Significant numbers of federal appellate merits terminations—those decisions resolving appeals and other proceedings on the merits—are missing from Westlaw and Lexis, the leading commercial legal databases. Bloomberg Law has similar, and similarly incomplete, coverage. Across most of the circuits huge percentages—at least 25% or more—of the courts’ self-reported merits terminations, which predominately include unpublished adjudications, never make their way to navigable databases.

Although scholars have long considered how publication practices shapes access to court decisions—especially at the district court level—this is the first work to analyze commercial database access to unpublished federal appellate decisions. Since at least 2007, when a rule change permitted citation to unpublished decisions from the federal appellate courts, scholars widely have assumed that commercial databases for legal research capture nearly all—if not, in fact, all—federal appellate merits decisions whether designated for publication in the official Federal Reporter or not. Scholars have questioned that assumption previously in the immigration context. But it turns out that access problems extend well beyond the immigration context, and we have lacked navigable access to the complete work of the federal appellate courts for at least a decade.

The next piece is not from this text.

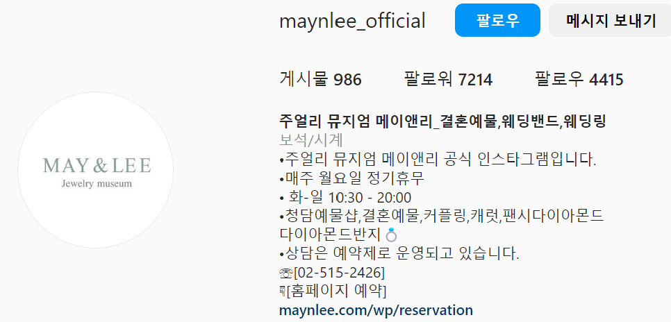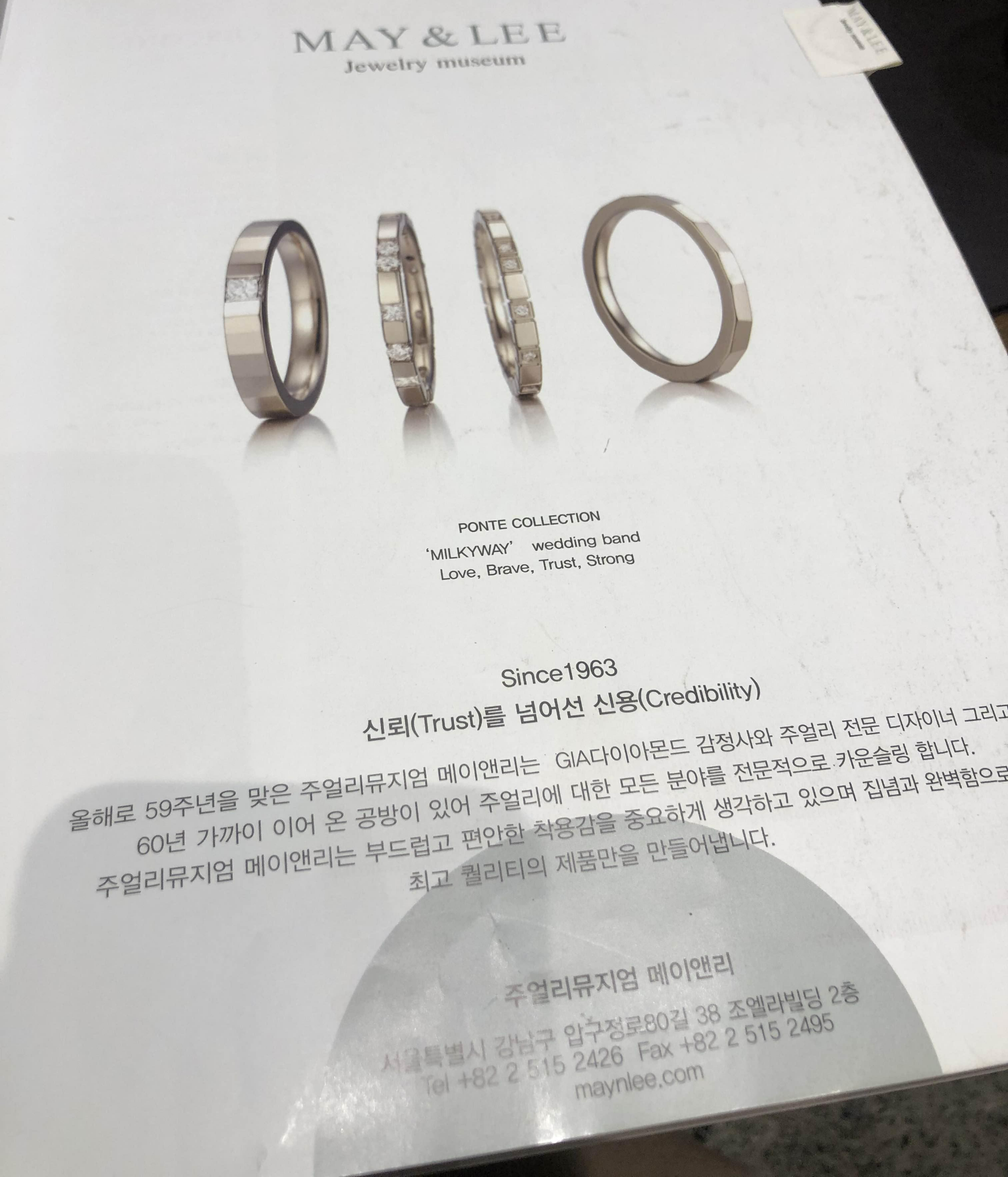 오늘은 청담 May&Lee 메이앤리라는 웨딩링, 커플링, 결혼반지 전문 귀금속 업체를 소개합니다.

Unraveling that widely-held assumption raises concerns over our ability to navigate and uncover useful precedent and to determine basic information about how the federal system administers justice. We cannot understand and assess the work of the federal appellate courts without navigable access to what is missing. The solution is as simple as it is transformational: all final judge-issued decisions from the federal appellate courts should be publicly and freely accessible on court websites. The courts themselves must be responsible for this change. Their decisional issuance schemes are the culprits, and market pressures may not create sufficient incentive for private actors—the databases themselves—to undertake the steps necessary to recover what’s missing.